Record extracts:
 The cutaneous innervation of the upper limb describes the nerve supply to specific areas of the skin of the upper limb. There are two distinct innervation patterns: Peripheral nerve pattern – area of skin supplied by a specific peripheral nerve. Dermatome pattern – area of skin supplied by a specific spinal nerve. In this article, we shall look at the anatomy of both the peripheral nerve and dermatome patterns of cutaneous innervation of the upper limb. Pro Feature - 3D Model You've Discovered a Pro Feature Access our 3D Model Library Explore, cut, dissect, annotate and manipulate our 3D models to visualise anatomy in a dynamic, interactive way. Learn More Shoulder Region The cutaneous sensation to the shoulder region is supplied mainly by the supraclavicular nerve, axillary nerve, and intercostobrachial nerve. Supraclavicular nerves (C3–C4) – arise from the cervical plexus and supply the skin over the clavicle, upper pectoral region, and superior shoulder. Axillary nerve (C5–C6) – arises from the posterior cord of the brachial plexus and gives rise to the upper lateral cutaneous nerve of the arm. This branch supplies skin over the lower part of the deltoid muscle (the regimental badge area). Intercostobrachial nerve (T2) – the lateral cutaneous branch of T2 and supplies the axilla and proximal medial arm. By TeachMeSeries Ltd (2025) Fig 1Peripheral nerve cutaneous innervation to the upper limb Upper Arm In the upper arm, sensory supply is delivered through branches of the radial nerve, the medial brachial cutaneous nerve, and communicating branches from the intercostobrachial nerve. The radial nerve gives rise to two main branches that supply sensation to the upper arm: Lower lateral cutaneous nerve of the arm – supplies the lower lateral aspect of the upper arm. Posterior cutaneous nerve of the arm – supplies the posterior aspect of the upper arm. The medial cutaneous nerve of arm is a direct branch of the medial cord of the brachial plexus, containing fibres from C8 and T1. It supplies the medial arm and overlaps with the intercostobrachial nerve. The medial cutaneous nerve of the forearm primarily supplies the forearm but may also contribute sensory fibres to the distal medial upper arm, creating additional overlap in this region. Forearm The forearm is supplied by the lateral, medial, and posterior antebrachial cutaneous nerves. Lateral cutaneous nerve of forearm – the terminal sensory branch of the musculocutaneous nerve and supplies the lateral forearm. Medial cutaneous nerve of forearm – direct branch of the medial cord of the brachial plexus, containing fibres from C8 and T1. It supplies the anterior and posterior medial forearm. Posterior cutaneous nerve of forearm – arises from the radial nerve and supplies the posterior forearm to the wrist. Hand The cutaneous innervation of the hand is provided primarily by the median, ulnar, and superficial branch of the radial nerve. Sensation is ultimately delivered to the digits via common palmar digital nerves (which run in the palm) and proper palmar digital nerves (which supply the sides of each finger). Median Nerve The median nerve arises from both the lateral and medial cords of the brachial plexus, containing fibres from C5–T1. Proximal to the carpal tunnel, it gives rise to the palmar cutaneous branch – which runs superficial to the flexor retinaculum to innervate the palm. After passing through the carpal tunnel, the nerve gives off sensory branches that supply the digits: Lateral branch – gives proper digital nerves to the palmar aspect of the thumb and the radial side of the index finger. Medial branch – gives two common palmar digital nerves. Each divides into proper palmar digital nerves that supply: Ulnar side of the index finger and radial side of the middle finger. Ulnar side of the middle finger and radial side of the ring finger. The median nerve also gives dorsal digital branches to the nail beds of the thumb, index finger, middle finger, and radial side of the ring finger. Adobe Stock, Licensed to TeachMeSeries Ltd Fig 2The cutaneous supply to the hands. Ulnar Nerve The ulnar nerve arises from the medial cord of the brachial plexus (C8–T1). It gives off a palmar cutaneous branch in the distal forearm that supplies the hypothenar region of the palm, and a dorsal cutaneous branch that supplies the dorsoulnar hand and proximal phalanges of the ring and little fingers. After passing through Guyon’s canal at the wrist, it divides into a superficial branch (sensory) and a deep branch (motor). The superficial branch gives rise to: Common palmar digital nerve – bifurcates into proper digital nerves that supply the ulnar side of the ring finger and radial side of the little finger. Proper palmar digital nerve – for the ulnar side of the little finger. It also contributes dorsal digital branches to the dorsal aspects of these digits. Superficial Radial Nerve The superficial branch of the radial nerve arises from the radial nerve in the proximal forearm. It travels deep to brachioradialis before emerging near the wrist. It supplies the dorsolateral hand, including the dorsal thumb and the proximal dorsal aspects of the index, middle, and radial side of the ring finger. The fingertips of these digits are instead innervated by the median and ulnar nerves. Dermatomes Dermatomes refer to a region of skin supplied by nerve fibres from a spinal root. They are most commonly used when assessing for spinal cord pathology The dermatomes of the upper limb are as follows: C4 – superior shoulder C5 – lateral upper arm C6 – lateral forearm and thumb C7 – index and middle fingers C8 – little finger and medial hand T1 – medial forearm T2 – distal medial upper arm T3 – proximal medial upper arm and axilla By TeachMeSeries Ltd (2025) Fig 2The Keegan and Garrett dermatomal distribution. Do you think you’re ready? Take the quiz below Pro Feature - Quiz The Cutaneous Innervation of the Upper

...

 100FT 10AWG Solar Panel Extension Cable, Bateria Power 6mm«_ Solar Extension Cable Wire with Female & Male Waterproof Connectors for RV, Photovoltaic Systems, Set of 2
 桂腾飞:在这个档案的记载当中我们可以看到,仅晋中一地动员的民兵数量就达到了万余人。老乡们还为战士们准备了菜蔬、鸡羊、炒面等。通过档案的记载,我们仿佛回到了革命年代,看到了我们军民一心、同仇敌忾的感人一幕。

==

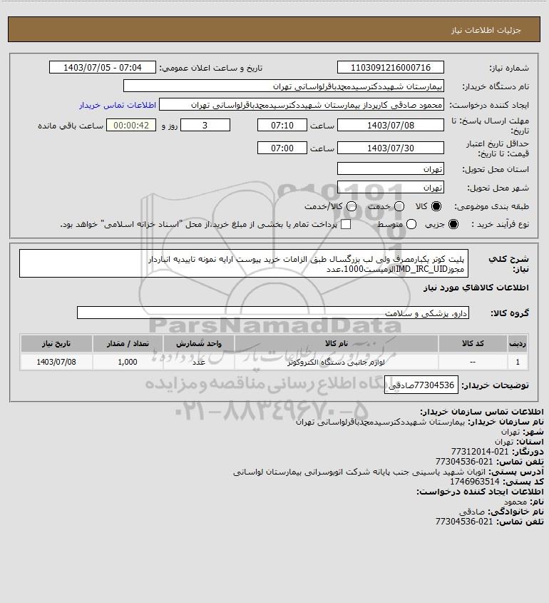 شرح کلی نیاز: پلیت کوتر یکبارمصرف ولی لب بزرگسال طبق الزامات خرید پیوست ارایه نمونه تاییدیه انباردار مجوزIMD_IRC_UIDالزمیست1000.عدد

Your objective: Above are records; repeat only the lines starting at the line with "100FT 10AWG Solar" and ending at the line with "桂腾飞:在这个档案的记载当中", exactly as they appear, both included.

Answer box:
 100FT 10AWG Solar Panel Extension Cable, Bateria Power 6mm«_ Solar Extension Cable Wire with Female & Male Waterproof Connectors for RV, Photovoltaic Systems, Set of 2
 桂腾飞:在这个档案的记载当中我们可以看到,仅晋中一地动员的民兵数量就达到了万余人。老乡们还为战士们准备了菜蔬、鸡羊、炒面等。通过档案的记载,我们仿佛回到了革命年代,看到了我们军民一心、同仇敌忾的感人一幕。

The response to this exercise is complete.